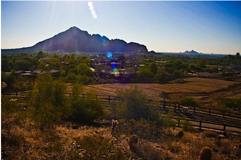
Lot 7 | $650,000 | 1.04 acres
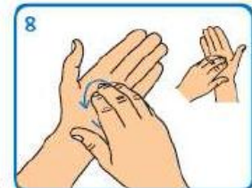
8 Rub tips of fingers in opposite palm in a circular motion
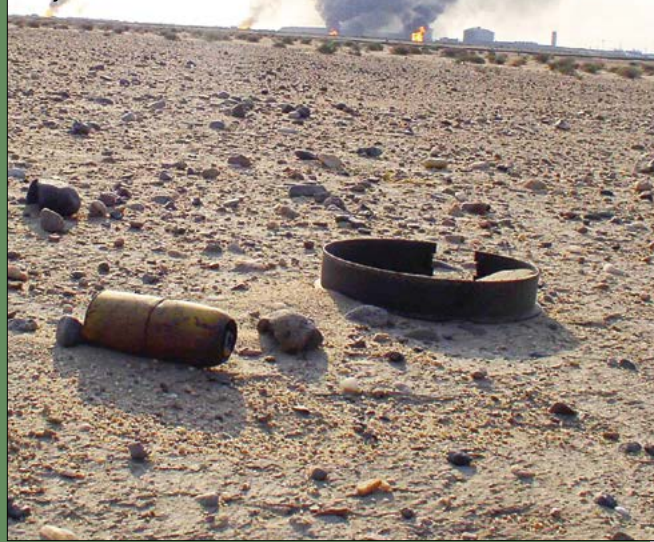
Figure 6. Inspection of BETAB-500 concrete-piercing aerial bombs. It is important such items are reported into databases in detail and not just as abandoned unexploded ordnance (AXO) or worse, misidentified as unexploded ordnance (UXO).

Figure 5. A BLU-97 submunition, Iraq. Correctly identifying the ordnance model is an example of basic data collection required to enable meaningful KPIs to analyze field operations. Reporting items simply as “UXOs” into databases is so general as to be meaningless or worse misleading.
++++++++++++++++++++
# Exercise goal
Copy exactly. Include the line containing "Figure 6. Inspection" and every later line through the end of the listing, and nothing else.

# Solution
Figure 6. Inspection of BETAB-500 concrete-piercing aerial bombs. It is important such items are reported into databases in detail and not just as abandoned unexploded ordnance (AXO) or worse, misidentified as unexploded ordnance (UXO).

Figure 5. A BLU-97 submunition, Iraq. Correctly identifying the ordnance model is an example of basic data collection required to enable meaningful KPIs to analyze field operations. Reporting items simply as “UXOs” into databases is so general as to be meaningless or worse misleading.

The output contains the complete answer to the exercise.